Alle Jugendämter und auch die freien Träger stellen immer wieder fest, dass die sozialpädagogische Familienhilfe an ihre Grenzen stößt und Hilfeplanziele nicht erreicht werden. Immer wieder zeigen sich Eltern, deren Sozialisation schon seit langer Zeit abgeschlossen ist, nicht bereit oder in der Lage, ihr Verhalten in der Erziehung und im familiären Zusammenleben zu ändern. In der Folge wird die Hilfe ersatzlos beendet oder es erfolgt die Fremdunterbringung des Kindes. Letztlich bedeutet eine solche Situation eine Verschwendung von Zeit, die für die Entwicklung des Kindes ggf. besser hätte genutzt werden können, und von personellen und finanziellen Ressourcen.

Zur Erhöhung der Effizienz der vom Jugendamt zu planenden Hilfen wurde inzwischen die  sozialpädagogische Diagnostik eingeführt. Hierzu wurden im vergangenen Jahr alle Fachkräfte des Allgemeinen Sozialen Dienstes (ASD) in einer mehrtägigen Inhouse-Schulung qualifiziert.  Der wesentliche Unterschied zur bisherigen Arbeitsweise besteht darin, dass in neuen Fällen, in denen keine akute Kindeswohlgefährdung besteht, der ASD zunächst nicht einen freien Träger mit der Durchführung einer Sozialpädagogischen Familienhilfe beauftragt. Die ASD – Fachkraft begibt sich stattdessen für drei Monate für eine intensive Arbeit in die Familie, um zusammen mit allen Familienmitgliedern die optimale Problemlösung zu erarbeiten. Als Ergebnis kann festgestellt werden, dass die Familie keine weiteren Hilfen benötigt oder die Anbindung an ein anderes Hilfeangebot, wie z. B. die Erziehungsberatungsstelle, die Suchtkrankenberatung oder die Jugendarbeit im Zille erfolgt. Bei Bedarf kann eine ambulante Hilfe zur Erziehung mit einem klar umrissenen Auftrag installiert werden. Die Erfolgsaussicht einer solchen Hilfe ist hoch, da die Eltern in der dreimonatigen Phase der Diagnostik stärker als bisher beteiligt werden.  Da die Hilfe viel mehr vom Kind / Jugendlichen aus gedacht wird, wird künftig in weitaus größerem Umfang die Anbindung des Kindes an die Jugendhilfe oder an neu zu entwickelnde pädagogische Gruppenangebote organisiert werden.

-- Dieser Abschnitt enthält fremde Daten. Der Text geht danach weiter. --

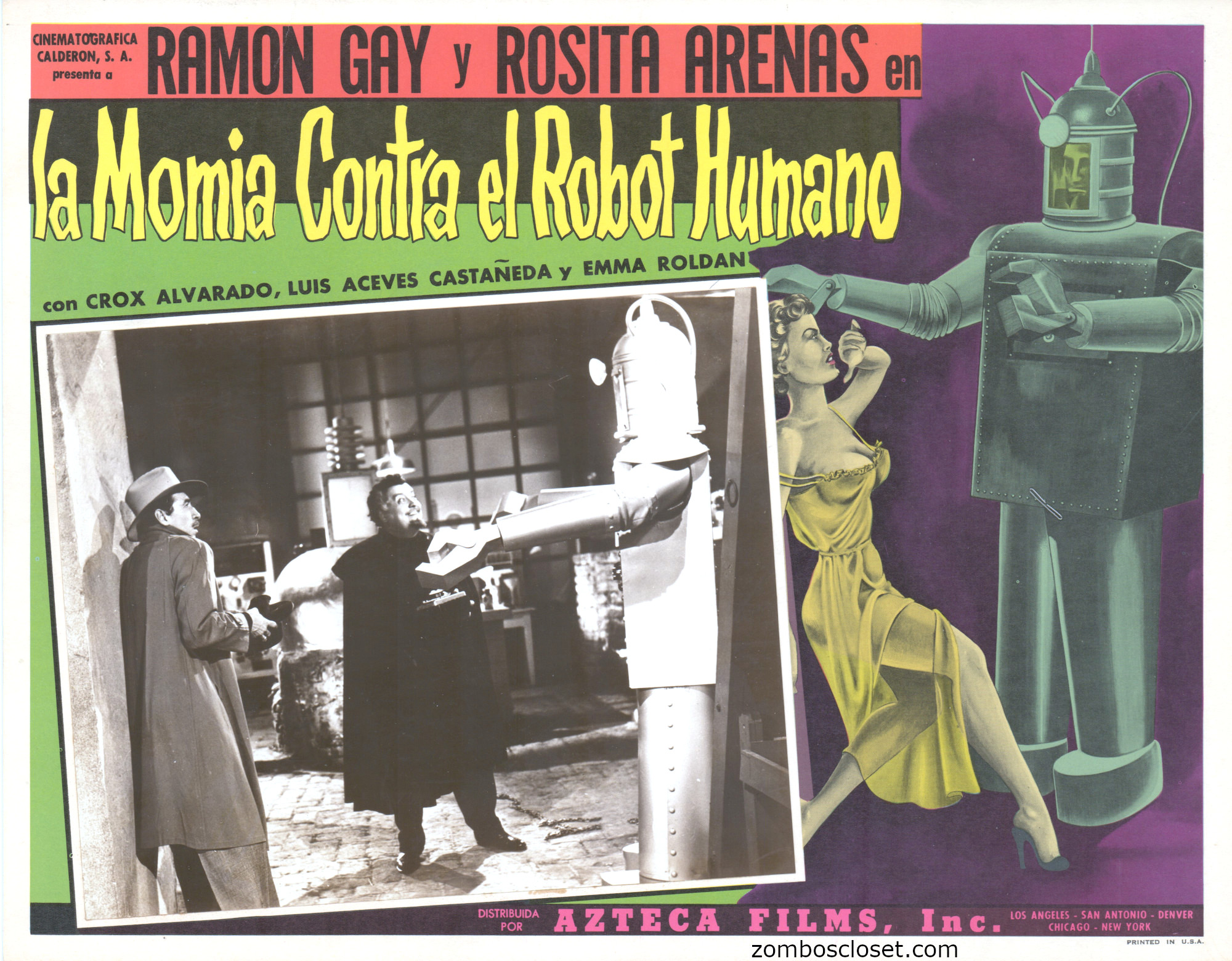 Evil scientist. Weird-looking robot. Annoyed mummy. I'm all in. the Azteca lobby cards are simply beautiful, with vivid colors (though usually by accident, I think), an actual photo pasted to the card, and a nifty awkward balance between illustration, font, and scene to sell the movie to theater audiences. These smaller (11 inches by 14 inches) cards were distributed by Azteca Film Inc. for Spanish-language theaters in the United States. Typical Mexican lobby cards varied in sizes, with 12.5 inches by 16 inches a common one. See more cards at this Dangerous Minds article, and at Collectors Weekly.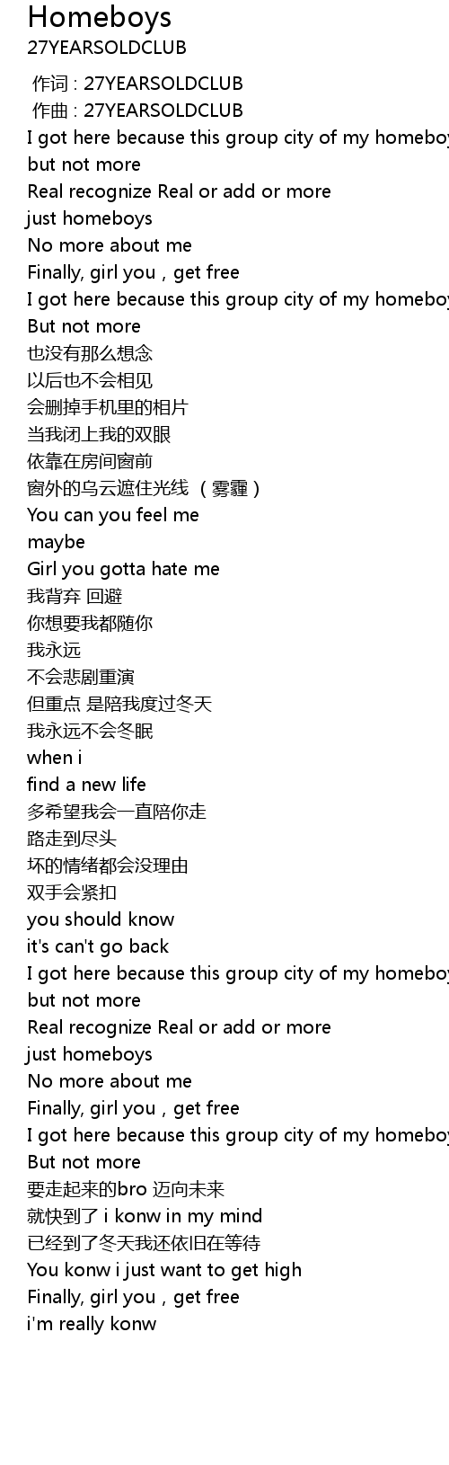 | 歌曲 | Homeboys |

In diesem Zusammenhang spielt dem Jugendamt der im nachfolgenden Tagesordnungspunkt vorgestellte Ausbau des evangelischen Gemeindezentrums  in die Karten. Es ist angedacht, dass das Jugendamt zusammen mit den freien Trägern Konzepte für neue pädagogische Gruppenangebote entwickelt, die dann niederschwellig im evangelischen Gemeindezentrum stattfinden werden. Auch das Zille wird in Abstimmung mit dem Jugendamt die Bandbreite der erfolgreichen Angebote der Jugendarbeit ausbauen.

In der Sitzung wird Herr Goebbels, Leiter der sozialen Dienste im Jugend- und Sozialamt, ausführlich über die Einführung der sozialpädagogischen Diagnostik berichten.